Novamente, a quem pertencia esse corpo? E quanto à atuação psicológica nesse
processo? É fundamental e completamente necessário operar eticamente em
prol da valorização, respeito e não patologização do sujeito Trans, principalmente
numa área de atuação profissional tão sensível como a psicologia, que estuda
para promover um cuidado humanizado, empático e acolhedor para as pessoas,
visando seu bem-estar integral. Nessa perspectiva, conforme
o Conselho Federal de Psicologia (CFP), na resolução n° 1, de 29 de janeiro de
2018, é papel do(a) psicólogo(a), em sua
prática profissional, contribuir com seu conhecimento para a eliminação da
transfobia, reconhecendo e legitimando a autodeterminação desses sujeitos
diante de sua identidade de gênero, e consequentemente trabalhando de modo a
fortalecer e impulsionar mais autonomia destes sobre sua própria vida,
expressividade e subjetividade. Dessa forma, o(a) profissional de
psicologia não deve exercer ações que corroborem com
o preconceito, ser conivente com práticas ou pronunciamentos discriminatórios,
reforçar estigmas e estereótipos e muito menos atuar de forma a sustentar a
patologização dessa população, tornando-se, assim, de grande importância
sustentar a construção de uma prática profissional que lute ao lado destes
sujeitos na gradual desconstrução do preconceito na sociedade, aproximando-se,
por exemplo, de movimentos sociais, trocando experiências com esses indivíduos,
refletindo constantemente sobre sua própria atuação profissional, buscando
sempre atualizá-la e instrumentalizá-la para a defesa e o reconhecimento dos
direitos de pessoas transgêneras. Bem como para a promoção de maior qualidade
em sua saúde, em sua vida, operando pela perspectiva da dignidade humana e
contribuindo, consequentemente, para a eliminação da violência corporal e
simbólica a que pessoas Trans estão submetidas, tendo em vista o próprio papel
ético do psicólogo no auxílio ao processo de inclusão social desses sujeitos e
no reconhecimento de que “todos são iguais perante a lei, sem distinção de
qualquer natureza” (art° 5, Constituição Federal de 1988, p. 17). Neste
sentido, faz-se importante retornar à nossa atualidade e refletir sobre o
enfrentamento social ainda latente na realidade desses indivíduos, que ainda não possuem a garantia de seus direitos.

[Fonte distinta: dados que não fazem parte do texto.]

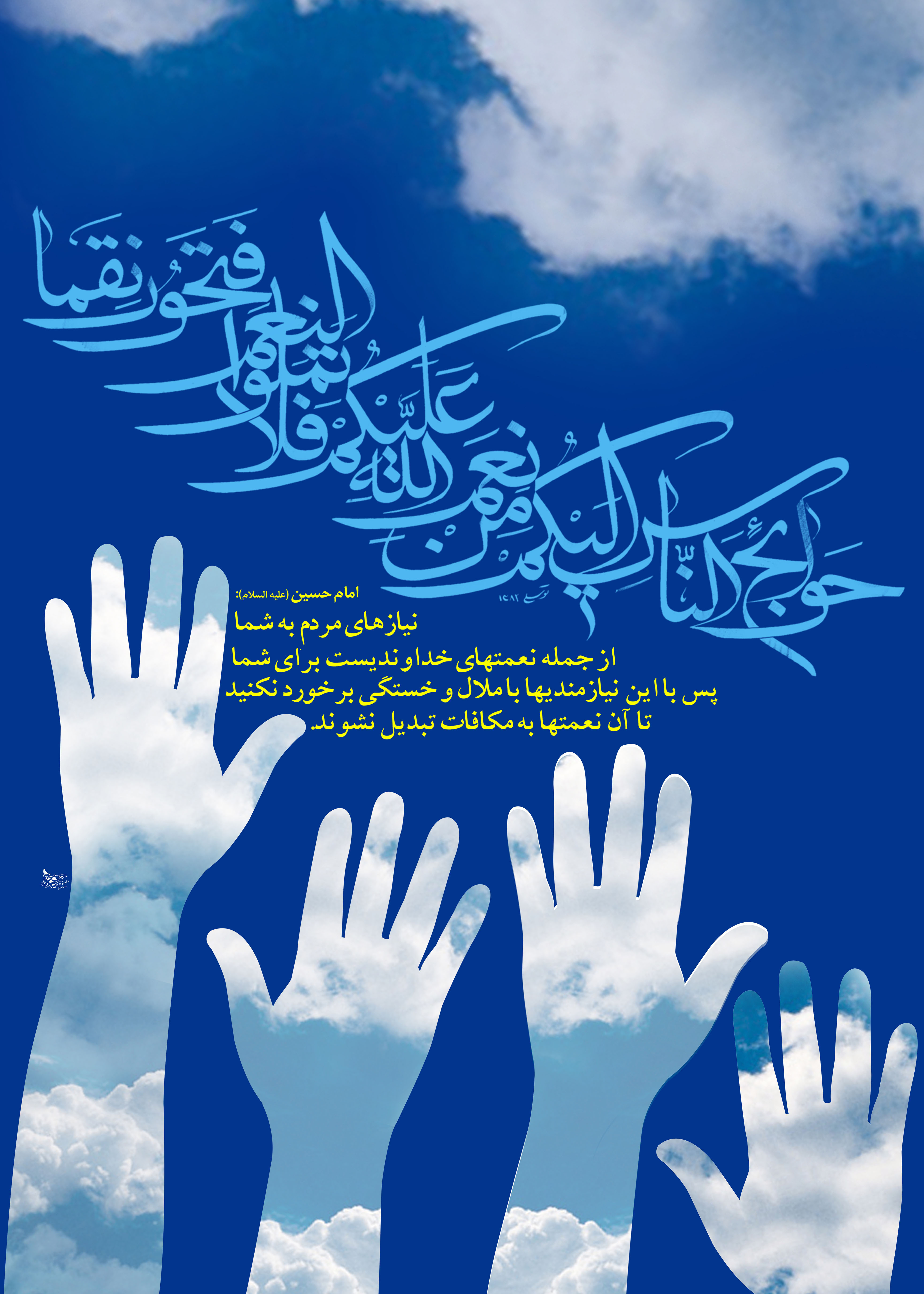 بعد از آماده سازی این مجموعه پوستر، چند موسسه و نهاد، خواستار خرید امتیاز این مجموعه بودند ولی سعادتی نصیب این حقیر شد که امتیاز این مجموعه را به صاحب اصلی اش، آن کسی که به اشاره ی انگشت نورانی اش این مجموعه طراحی شد، تقدیم کنم. شاید لحظه ای تبسم اش گره گشای دنیا و آخرت این حقیر گردد.

Dificuldades latentes da atualidade Trans
Podemos refletir,
primeiramente, sobre uma importante questão: como essa população mantém sua
sobrevivência com as exigências normativas sociais sustentando a perspectiva do
mundo do trabalho atual? Como incluir essa população na produtividade social se
o seu grande instrumento de interação, atividade e contato com o mundo é
rejeitado por diagramas padronizados de poder?
“A sucessão de exclusões – na família,
na escola e no mercado de trabalho – acaba fazendo com que as opções sejam
reduzidas à prostituição, ao tráfico de drogas ou ao trabalho em casas
noturnas”, discursa Silvia Cavallere, vice-presidente da União Nacional LGBT,
em reportagem ao jornal estadão (BRASIL, 2017).
Brasil (2017) aborda que,
segundo a Associação Nacional de Travestis e Transexuais
(ANTRA), 90% das mulheres Trans, por exemplo,
adentram no mundo violento e perigoso da prostituição nas ruas brasileiras,
arriscando suas próprias vidas diariamente, por não conseguirem oportunidade no
mercado formal, devido ao preconceito e à baixa escolaridade, tendo em vista o
grande índice de evasão escolar - que permeia os 82%, segundo a Comissão de
Diversidade Sexual da Ordem dos Advogados do Brasil (ALMEIDA et al., 2017). “E,
mesmo as graduadas e aptas a exercerem uma profissão de alto desempenho, por
vezes são recusadas por sua identidade de gênero, o que não deixa outra opção”
(BRASIL, 2017).
Angela Lopes, mulher Trans,
ex-diretora da Divisão de Políticas para a Diversidade Sexual de São Carlos, em
reportagem ao jornal estadão (BRASIL, 2017), declara: “isso é um aprisionamento social.
A sociedade designou que esses seres humanos não
possuem potencialidades para exercer outra função que não seja o trabalho
sexual, aí elas são colocadas como objeto.”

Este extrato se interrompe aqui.